Melansir CNNIndonesia.com, menurut temuan Kaspersky, halaman phishing khusus universitas biasanya dibuat dengan baik dan meniru halaman web resmi universitas atau sistem manajemen pembelajaran online.
Hal tersebut membawa risiko ancaman online yang turut beralih ke penguntitan dan pelanggaran di kehidupan nyata.
“Pendidikan menjadi lebih digital adalah perubahan yang menguntungkan. Sistem manajemen pembelajaran tidak hanya memungkinkan siswa untuk memaksimalkan kemajuan akademik mereka dengan cara yang paling efisien, tetapi juga lebih banyak orang di seluruh dunia mendapatkan kesempatan untuk belajar dari profesor terbaik di universitas terbesar,” Olga Svistunova, pakar keamanan di Kaspersky.
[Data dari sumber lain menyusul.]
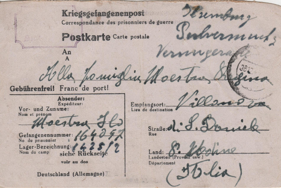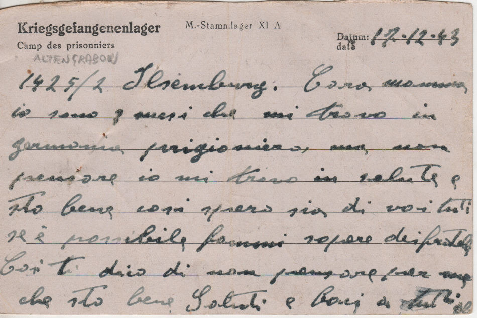 Cartolina scritta il 17.12.1943 nel campo di prigionia e spedita a Villanova (San Daniele del Friuli) in provincia di Udine, Italia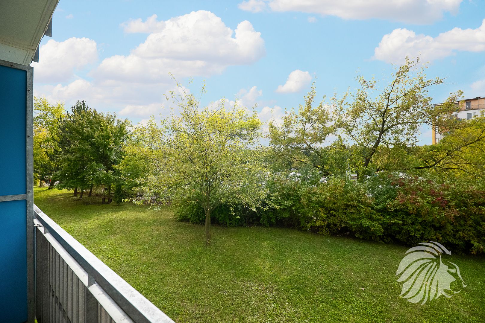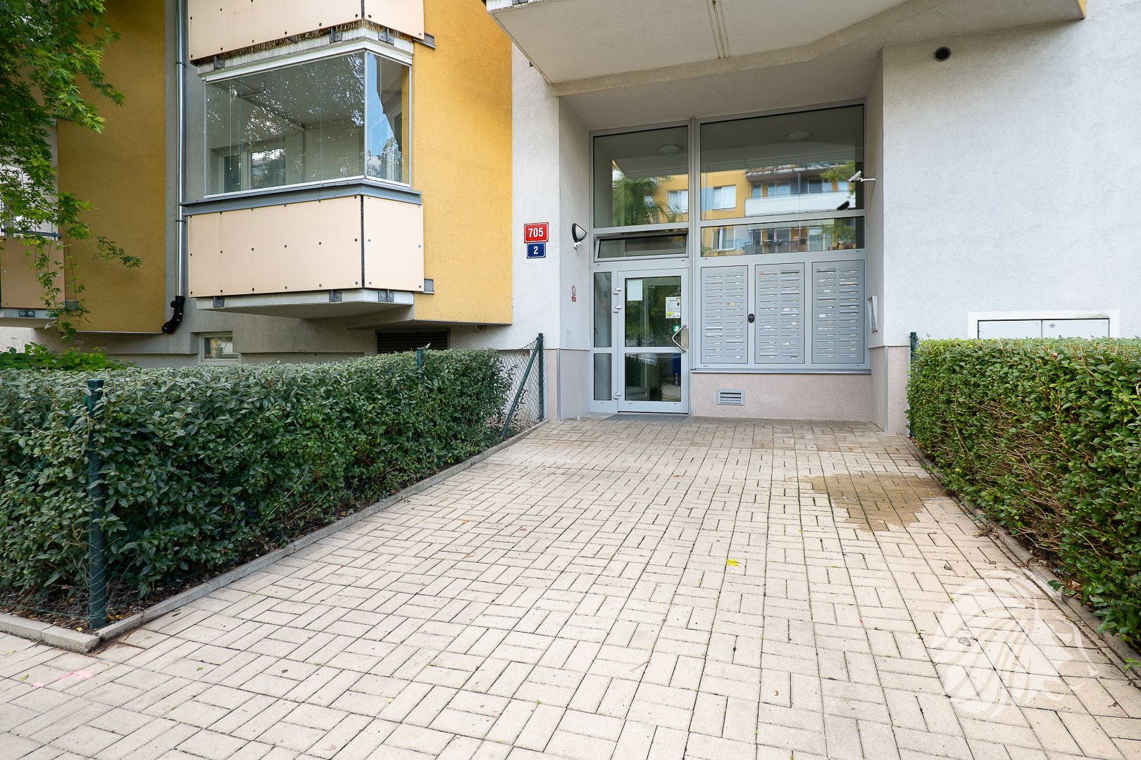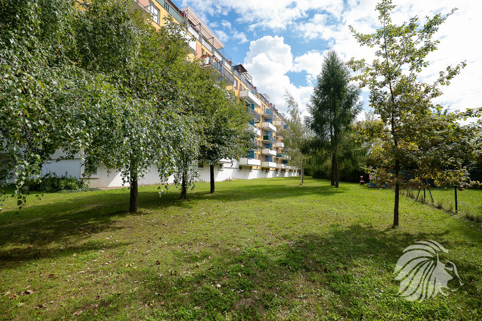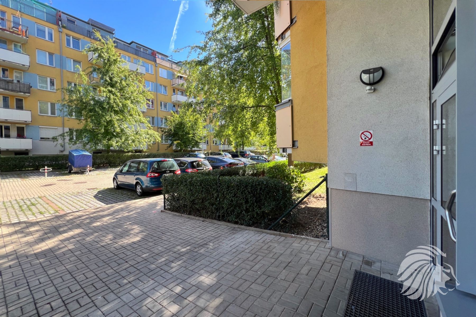 Byt se nachází v části domu, která je od hlavní chodby s výtahem oddělena samostatnými dveřmi na čip – přístup mají pouze vlastníci bytů z daného křídla. Obě místnosti a balkon jsou orientovány na západ a nabízejí výhled na zahradu se vzrostlou zelení. Za zahradou je rozlehlé placené parkoviště, což spolu se zahradou poskytuje značné odclonění od ruchu hlavní ulice – klid v bytě je tak prakticky zaručen. Uzamykatelná oplocená zahrada je určena výhradně vlastníkům bytů v domě.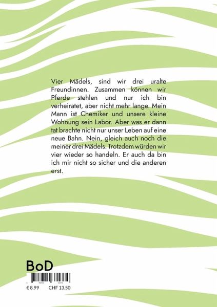 Vier Mädels, sind wir drei uralte Freundinnen. Zusammen können wir Pferde stehlen und nur ich bin verheiratet, aber nicht mehr lange. Mein Mann ist Chemiker und unsere kleine Wohnung sein Labor. Aber was er dann tat brachte nicht nur unser Leben auf eine neue Bahn. Nein, gleich auch noch die meiner drei Mädels. Trotzdem würden wir vier wieder so handeln. Er auch da bin ich mir nicht so sicher und die anderen erst.
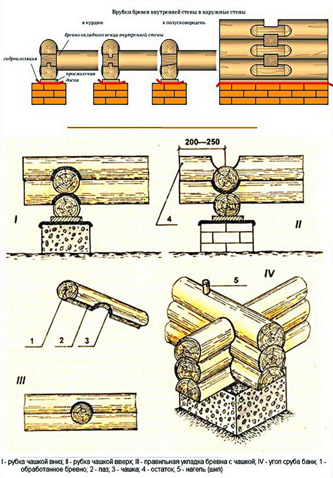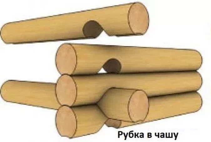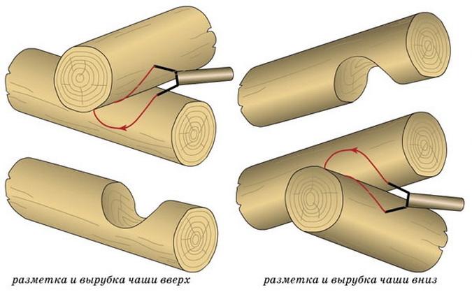 Существуют несколько способов врубки. Рассмотрим самый простой из них — врубку «в чашу», или в обло.

Pemerintah dan perusahaan besar kerap melakukan pembelian studi penelitian dari universitas-universitas tersebut. Hal ini membuat data sensitif yang mereka miliki sangat berharga bagi para pelaku kejahatan siber.
Dengan mengakses akun siswa atau karyawan, penjahat siber tidak hanya dapat mengakses informasi pribadi korbannya, tetapi juga rencana pendidikan, informasi pembayaran, dan jadwal kelas.
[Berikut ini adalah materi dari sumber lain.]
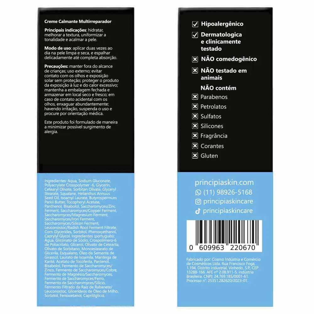 Contêm parabenos, petrolatos e sulfatos?Não. Suas composições também não incluem silicones, fragrância nem glúten. Estão regularizadas na Anvisa?Sim, todos os produtos são devidamente regularizados junto a Anvisa. Causa descamação da pele?Em geral, não provoca descamação visível da pele. Foram testadas em animais?Não. A PRINCIPIA não realiza testes em animais. Qual o prazo de validade?Três anos, contados da data de fabricação. Causa acnes ou cravos?Não. Pelo contrário, costumam ter efeitos benéficos e ser recomendadas para peles acnêicas.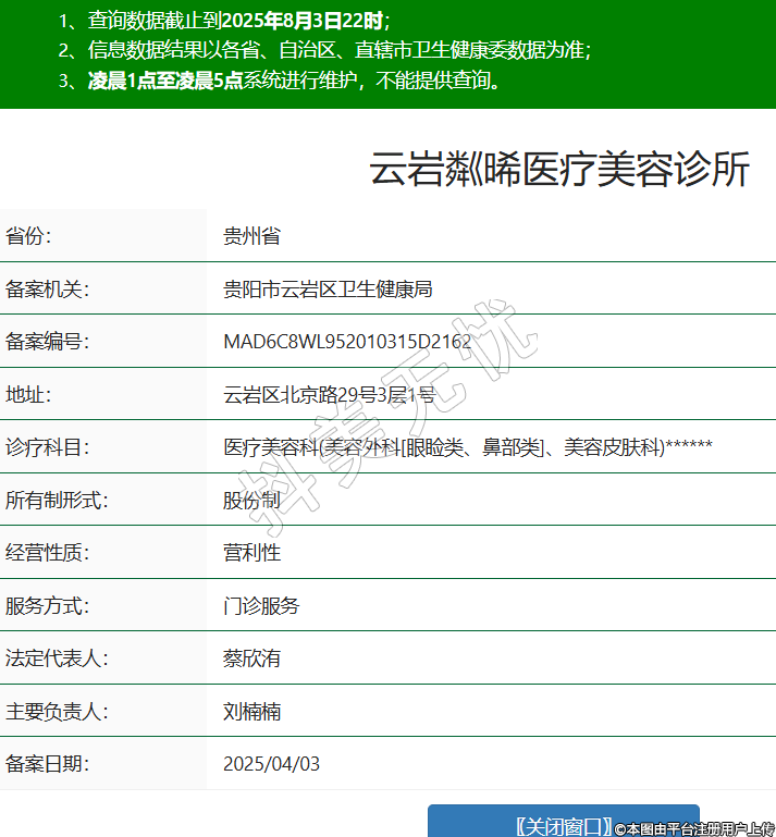 省份:貴州省備案機(jī)關(guān):貴陽市云巖區(qū)衛(wèi)生健康局備案編號(hào):MAD6C8WL952010315D2162地址:云巖區(qū)北京路29號(hào)3層1號(hào)診療科目:醫(yī)療美容科(美容外科[眼瞼類、鼻部類]、美容皮膚科)******所有制形式:股份制經(jīng)營性質(zhì):營利性服務(wù)方式:門診服務(wù)法定代表人:蔡欣洧主要負(fù)責(zé)人:劉楠楠備案日期:2025/04/03 -

Namun Svistunova menyebut kemajuan tersebut juga dibarengi dengan meningkatnya potensi serangan siber.
“Ini juga memperluas spektrum ancaman yang dihadapi siswa. Para pelaku kejahatan siber dapat memikat siswa untuk memberikan kredensial pribadi mereka untuk mengakses data yang tidak hanya berisi keahlian unik tetapi juga informasi pribadi dan berpotensi membahayakan,” pungkasnya.
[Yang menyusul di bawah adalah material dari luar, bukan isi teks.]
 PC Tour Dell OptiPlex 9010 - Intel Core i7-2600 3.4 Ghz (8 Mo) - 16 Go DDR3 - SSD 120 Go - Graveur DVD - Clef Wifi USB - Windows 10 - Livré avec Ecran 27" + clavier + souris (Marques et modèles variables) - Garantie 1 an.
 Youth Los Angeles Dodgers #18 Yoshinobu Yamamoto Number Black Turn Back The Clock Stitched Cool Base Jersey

Di sisi lain, Kaspersky merekomendasikan beberapa cara agar pengguna internet tidak menjadi korban phising yang menyasar situs universitas. Pertama, ada baiknya pengguna memeriksa tautan sebelum mengklik.
Kemudian, arahkan kursor ke alamat web untuk melihat pratinjau URL. Hal itu dimaksudkan untuk mencari kesalahan ejaan atau ketidakteraturan lainnya. Kedua, pengguna bisa menerapkan fitur otentikasi dua faktor untuk informasi terkait catatan siswa, nilai, dan penliaian.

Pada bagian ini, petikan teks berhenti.